* Input material *
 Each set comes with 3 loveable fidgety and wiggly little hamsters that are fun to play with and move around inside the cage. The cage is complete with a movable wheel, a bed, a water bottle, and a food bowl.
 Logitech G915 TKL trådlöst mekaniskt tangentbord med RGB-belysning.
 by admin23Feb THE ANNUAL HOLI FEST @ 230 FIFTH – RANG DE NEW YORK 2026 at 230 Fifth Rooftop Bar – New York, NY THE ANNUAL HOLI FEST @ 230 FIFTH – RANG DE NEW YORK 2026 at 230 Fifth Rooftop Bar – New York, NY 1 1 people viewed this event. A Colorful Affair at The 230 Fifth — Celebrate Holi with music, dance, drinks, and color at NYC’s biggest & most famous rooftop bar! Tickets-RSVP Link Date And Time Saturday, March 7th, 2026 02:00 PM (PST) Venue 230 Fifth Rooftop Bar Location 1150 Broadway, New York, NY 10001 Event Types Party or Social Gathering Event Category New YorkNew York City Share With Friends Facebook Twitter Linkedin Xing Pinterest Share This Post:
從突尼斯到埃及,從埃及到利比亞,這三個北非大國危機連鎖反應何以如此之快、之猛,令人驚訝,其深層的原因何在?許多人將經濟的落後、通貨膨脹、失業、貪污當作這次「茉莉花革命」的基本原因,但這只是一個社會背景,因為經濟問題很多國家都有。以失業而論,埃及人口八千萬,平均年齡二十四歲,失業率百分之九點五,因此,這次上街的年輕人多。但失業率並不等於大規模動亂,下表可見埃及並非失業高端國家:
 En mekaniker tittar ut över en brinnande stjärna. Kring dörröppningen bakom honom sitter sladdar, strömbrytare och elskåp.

* * *

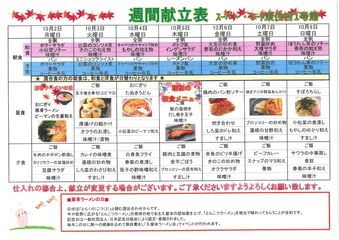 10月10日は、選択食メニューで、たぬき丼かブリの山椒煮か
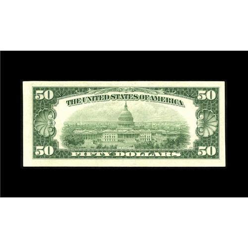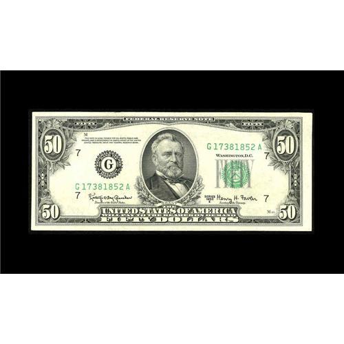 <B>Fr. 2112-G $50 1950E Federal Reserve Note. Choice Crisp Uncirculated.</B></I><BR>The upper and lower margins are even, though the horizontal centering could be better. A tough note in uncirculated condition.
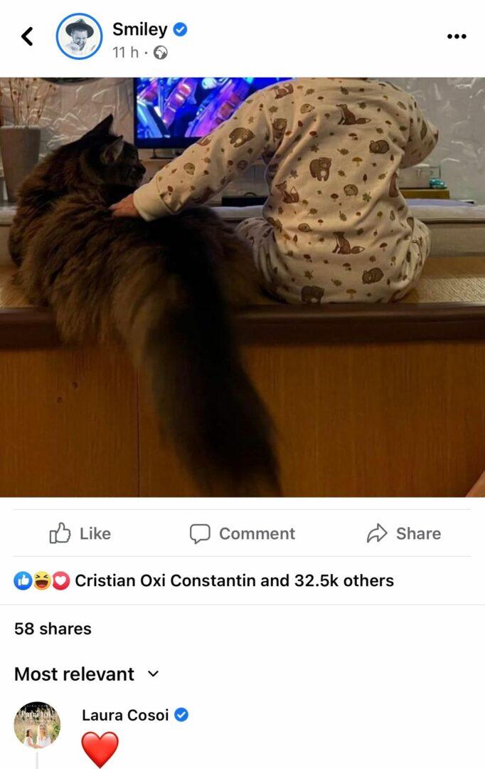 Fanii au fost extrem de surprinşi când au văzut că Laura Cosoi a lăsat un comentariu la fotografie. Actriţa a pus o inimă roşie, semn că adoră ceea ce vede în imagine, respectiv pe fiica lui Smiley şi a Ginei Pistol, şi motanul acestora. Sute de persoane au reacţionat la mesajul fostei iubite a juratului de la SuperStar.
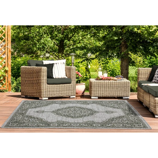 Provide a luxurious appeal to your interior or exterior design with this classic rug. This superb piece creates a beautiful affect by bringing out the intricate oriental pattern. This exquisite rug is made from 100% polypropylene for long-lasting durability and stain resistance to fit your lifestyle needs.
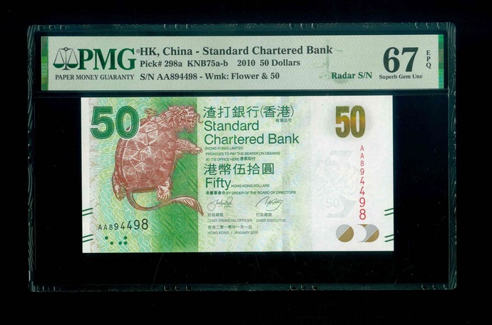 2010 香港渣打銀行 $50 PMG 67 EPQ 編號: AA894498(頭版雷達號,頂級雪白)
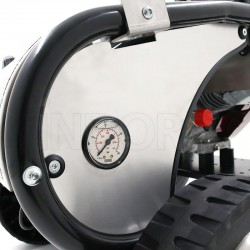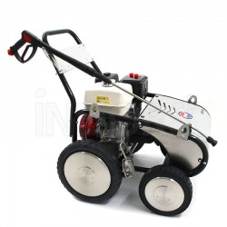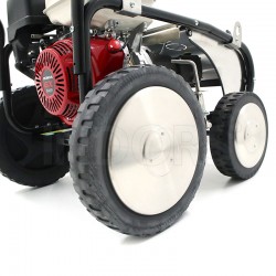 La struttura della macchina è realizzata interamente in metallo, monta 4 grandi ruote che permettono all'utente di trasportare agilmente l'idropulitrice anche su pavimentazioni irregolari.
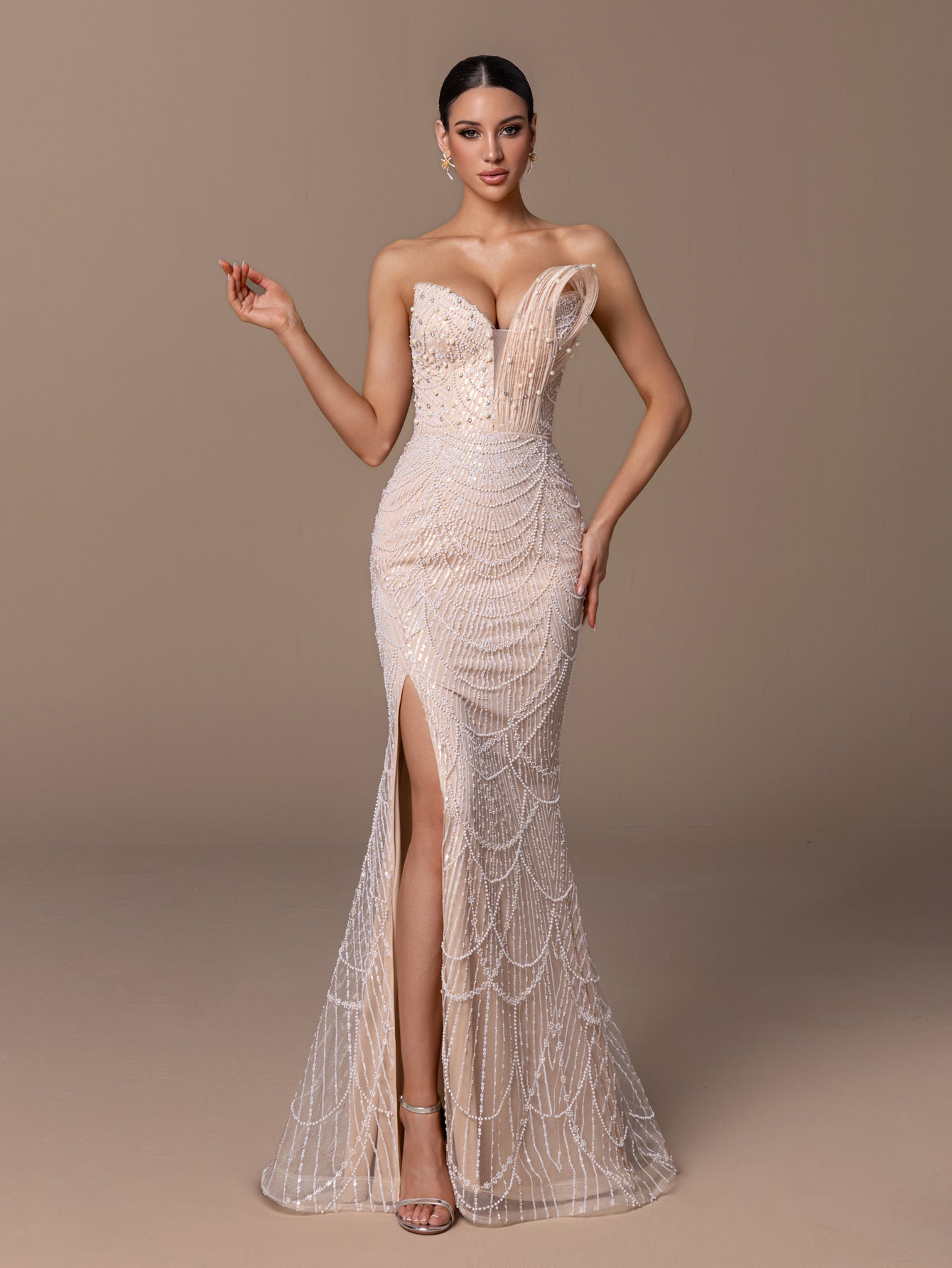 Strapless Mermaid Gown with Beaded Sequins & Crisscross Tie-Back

* The problem *
Going back to the data above, write out everything from the line with "10月10日は、選択食メニューで、たぬき丼かブリの山椒煮か" down to the line with "Strapless Mermaid Gown", both included, leaving every picture out.

* Output for this task *
 10月10日は、選択食メニューで、たぬき丼かブリの山椒煮か
 <B>Fr. 2112-G $50 1950E Federal Reserve Note. Choice Crisp Uncirculated.</B></I><BR>The upper and lower margins are even, though the horizontal centering could be better. A tough note in uncirculated condition.
 Fanii au fost extrem de surprinşi când au văzut că Laura Cosoi a lăsat un comentariu la fotografie. Actriţa a pus o inimă roşie, semn că adoră ceea ce vede în imagine, respectiv pe fiica lui Smiley şi a Ginei Pistol, şi motanul acestora. Sute de persoane au reacţionat la mesajul fostei iubite a juratului de la SuperStar.
 Provide a luxurious appeal to your interior or exterior design with this classic rug. This superb piece creates a beautiful affect by bringing out the intricate oriental pattern. This exquisite rug is made from 100% polypropylene for long-lasting durability and stain resistance to fit your lifestyle needs.
 2010 香港渣打銀行 $50 PMG 67 EPQ 編號: AA894498(頭版雷達號,頂級雪白)
 La struttura della macchina è realizzata interamente in metallo, monta 4 grandi ruote che permettono all'utente di trasportare agilmente l'idropulitrice anche su pavimentazioni irregolari.
 Strapless Mermaid Gown with Beaded Sequins & Crisscross Tie-Back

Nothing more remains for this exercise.